Shells aren't that bad really, just that they should be a lot cheaper than 12g imo. Can always load your own and have seen those brass casings you can buy, look pretty awesome.


----------



## Sentry18

> What a ridiculous claim. It casts a shadow doubt on the rest of your post.


OH BOY! Where's the popcorn.









I think jsriley5 is correct, but who knows. Magus once killed a buffalo with a razor blade and an angry look. Before it died Magus forced it to drink a shot a Jack Daniels while toasting Magus.


----------



## hiwall

Indiana_Jones said:


> What a ridiculous claim. It casts a shadow doubt on the rest of your post.


Sometimes it is just best to remember that you have the right to remain silent.

If Magus posted that aliens were landing tonight at midnight myself, along with many on this forum would stay up late to see what they looked like.:teehee:


----------



## Friknnewguy

Indiana_Jones said:


> What a ridiculous claim. It casts a shadow doubt on the rest of your post.


Magus has forgotten more about survival than I'm ever going to know . The words from his post are informative and thought provoking . One of his posts is burned into my memory and will forever change my mental prepping game . Why don't you shut your mouth and open your ears , maybe you'll learn something too .


----------



## Magus

Indiana_Jones said:


> What a ridiculous claim. It casts a shadow doubt on the rest of your post.


Just because your shotgun sucks at life doesn't mean they all do.besides, its been worked.



jsriley5 said:


> Don't go crazy here I"m sure he meant 75 feet which is still pretty darn good but still within reason. I"m sure I make mistakes too on inches feet yards and meters.

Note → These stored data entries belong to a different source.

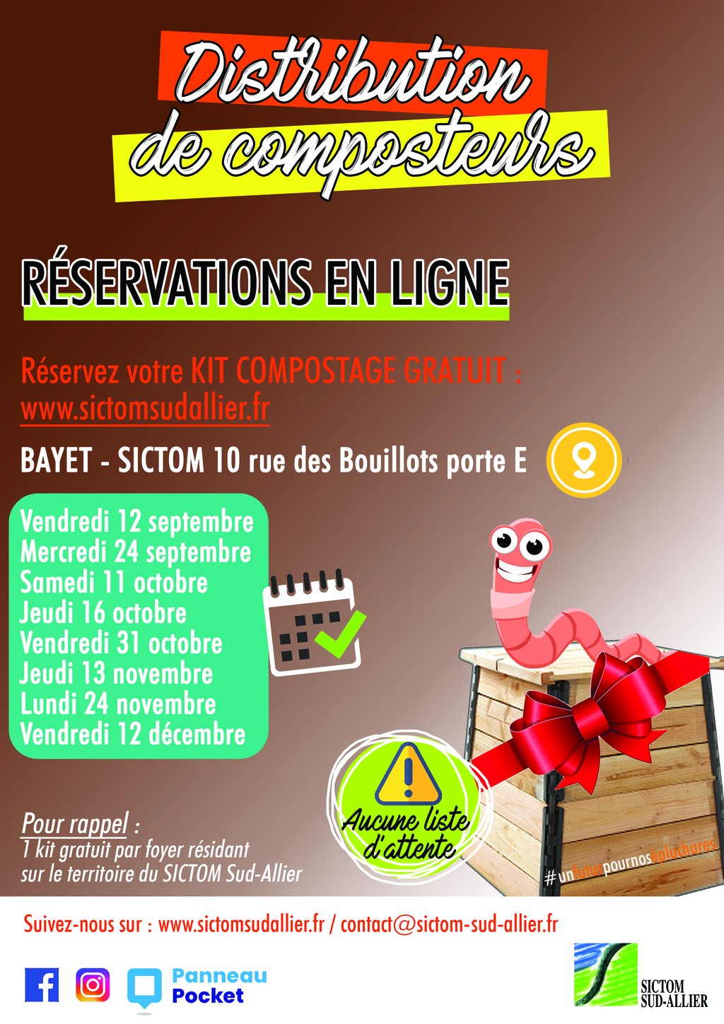 En PJ le visuel annonçant les dates des prochaines permanences de distribution de composteurs à BAYET.
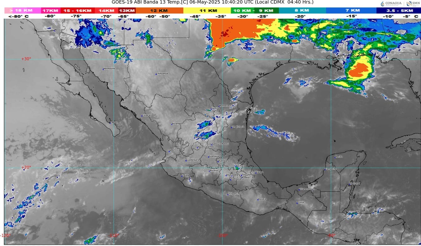 Una circulación anticiclónica en niveles medios de la atmósfera mantendrá el ambiente caluroso a muy caluroso en el territorio mexicano, prevaleciendo la onda de calor en zonas de Nuevo León (sur), Tamaulipas (suroeste), San Luis Potosí (norte, centro y sur), Guanajuato (norte, centro y sur), Jalisco (centro, suroeste y sur), Colima (noreste), Michoacán (oeste, centro y este), Guerrero (noroeste, norte y noreste), Oaxaca (centro y sur), Veracruz, Tabasco, Chiapas, Morelos, Querétaro (centro y sur), Puebla (norte y suroeste), Estado de México (suroeste), Hidalgo, Ciudad de México, Tlaxcala, Campeche, Yucatán y Quintana Roo.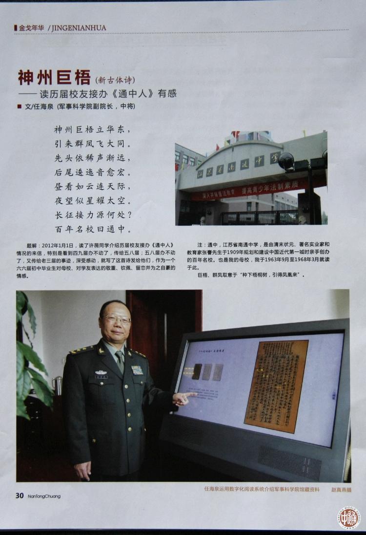 该诗刊发在《南通窗》期刊2012年第4期“金戈年华”栏目。在该诗题解中任海泉写道:2012年1月1日,读了许薇同学介绍历届校友接办《通中人》情况的来信,特别是看到四九届办不动了,传给五八届;五八届办不动了,又传给老三届的事迹,深受感动,就写了这首是发给他们,作为一个六六届初中毕业对母校、对学友表达的敬重、钦佩、留恋并为之自豪的情感。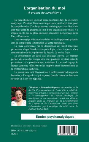 Le parasitisme est un sujet assez peu traité dans la littérature analytique. Pourtant l'immense importance qu'il revêt tant pour la compréhension d'un large spectre pathologique chez l'individu que pour celle de groupes au sein d'une organisation sociale, n'a d'égale que le peu de place que nous accordons à ce concept dans l'un et l'autre cas. L'auteur engage le lecteur à revisiter les outils psychanalytiques afin de comprendre la formation de cette pathologie. Le livre commence par la description de l'outil théorique permettant d'appréhender cette pathologie, et ceci à partir d'un commentaire du texte princeps de Freud : Le moi et le ça. La présentation de deux cas cliniques suivra.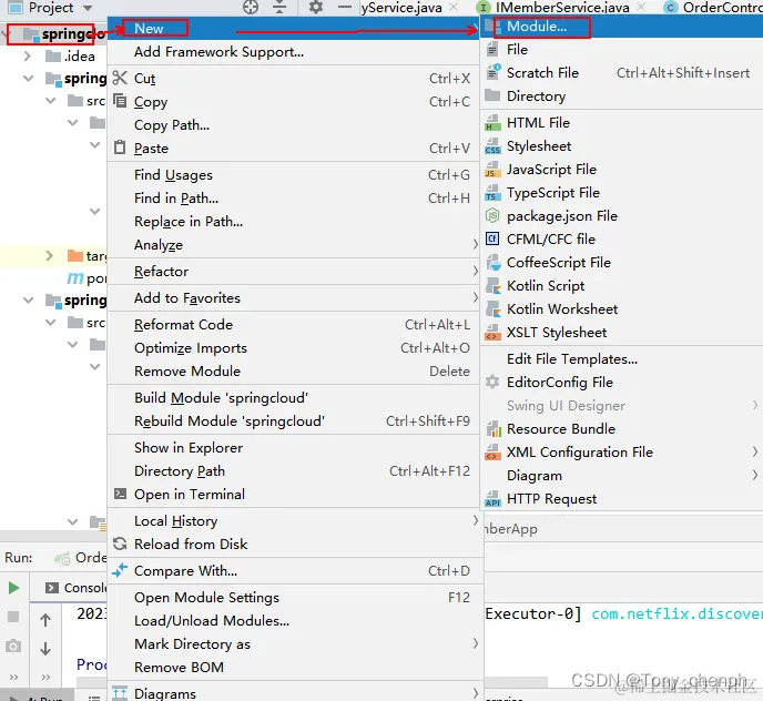 2、创建聚合项目springcloud-member、springcloud-order(项目名称自定义,以会员项目、订单项目做演示远程调用)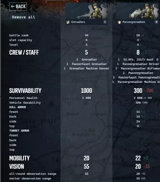 地雷:在敌方领土上(90秒后)会被标记(可见)。 AI寻路会避开已标记的地雷。 已标记的地雷仍可能造成伤害。 任何步兵都可以排除地雷。 地雷上方旗帜颜色含义: - 敌方地雷 - 友方(己方)地雷 - 已标记地雷 ⬜ - 已排除地雷 刺猬:会阻挡坦克通行。 任何步兵都可以拆除刺猬。可用反坦克手榴弹摧毁 如果排成一条直线,也能阻挡步兵 侦察兵和破坏者单位——拥有更远的视野范围和伪装能力 猎兵巡逻犬和步兵分队指挥官:无视伪装加成并能发现隐藏单位——应使用它们来对抗破坏者如果没有哨兵,但有其他AI小队,可以借助指挥官尝试利用它们对抗敌方破坏者。 坦克兵:提升射击精度,加快维修速度。 携带电台的通信兵:若位于目标附近,可缩小友军火炮的杀伤半径。 单位对比模式

No,I mean 75 yards.If I were a betting man, I'd bet 80% would be in that plate even after all this time.



> still choked so tight a 40 cal slug won't slip through the bore!


----------



## jsriley5

Well THAT I"d have to see to beleive. It is incredible.


----------



## Magus

google old school shotgun choking methods, specifically "rolling" not many could do it, its pretty much a lost art, and if you shoot a slug in a rolled gun, you're liable to loose an inch off the end of your barrel!even if you don't, you ruined the choke.


----------



## BareGrills

A true american classic.


----------